I hate to not give you a straight answer, but I think it’s a little bit of both. What I like about the show and I think where comedy works really well most of the time is when the stakes are high. And that doesn’t necessarily mean life or death. It does in “Wrecked” a lot of the times, but when the character’s objective is the most important thing in the world, I feel like a lot of great comedy comes out of that. And I think you see that a lot in “Wrecked.” It’s a life or death show because it’s a survival show and I think that heightens the stakes for every character involved, which then just amplifies the jokes. And even if those jokes aren’t the most aggressive jokes… like going back to my gun twirling thing. That’s just a funny aside, but what makes it funny is that we were in this crazy life or death situation. The scene that we’re playing it in is that we’re hunting for food because we’re starving to death, so the fact that I’m doing this silly little thing within the context of this life or death situation… these high stakes… I think makes it funny.
TrunkSpace: Well, and that relates to the real world as well because when you’re dealing with something heavy, people always say, “You’ll look back on this and laugh.”
Sacca: (Laughter) Exactly.
TrunkSpace: And of course, it’s easier to laugh at other people who are going through heavy shit. (Laughter)
Sacca: (Laughter) That’s true. You can kind of say that about the state of our country right now. Hopefully we’ll look back on this and laugh. (Laughter)
TrunkSpace: Assuming we will physically be able to. (Laughter)
Sacca: Thank you. Well played.
Hopefully we will still exist in the future and can look back on this and laugh.
TrunkSpace: OR, artificial intelligence can laugh at our expense.
Sacca: (Laughter) When singularity happens, the computers will look back and have a computerized chuckle.
TrunkSpace: (Laughter) So with season 2 of “Wrecked” kicking off, what can viewers expect from the castaways?
Sacca: So we start season 2 at the exact same moment that we ended season 1. And not to spoil, but we end season 1 with some pirates coming to the island to try to find me, my character, because it turns out that I’m absurdly wealthy.

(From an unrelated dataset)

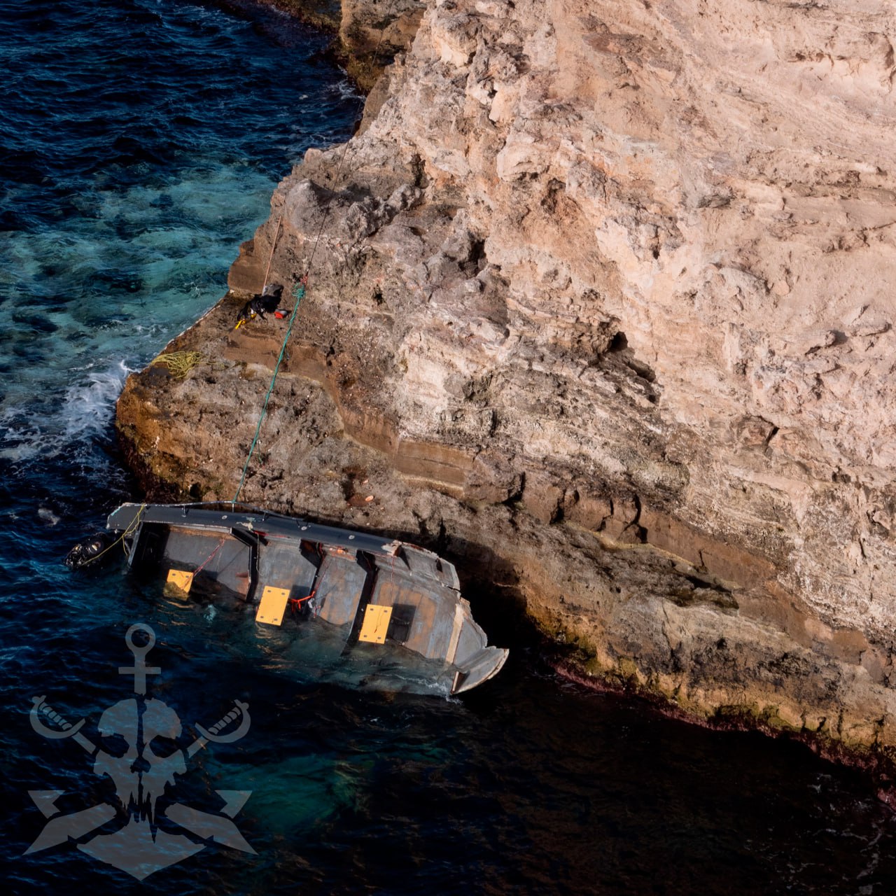 На крымских берегах морской отряд специального назначения исследует МБЭК противника, прибившийся к полуострову после потери связи. На данный момент производится первичный осмотр судна водолазной группой отряда. Уже на этом этапе найдено множество уцелевшего оборудования и ценных материалов, которые пойдут на благо России.

So the pirates try to ransom me and it doesn’t necessarily go as planned and they… I’m not going to give away too much… but I’ll say that they decide to stay for a little bit.
TrunkSpace: Being pirates, hopefully they brought rum.
Sacca: Well, that kind of comes into play. (Laughter)
I will say that this season has a really big turn in the middle of it where things change pretty dramatically.
TrunkSpace: And that’s when the vampires come, right? (Laughter)
Sacca: Of course! That’s when the vampires come. (Laughter)
Season 2 of “Wrecked” premieres tonight on TBS.
And to our knowledge, there are no vampires.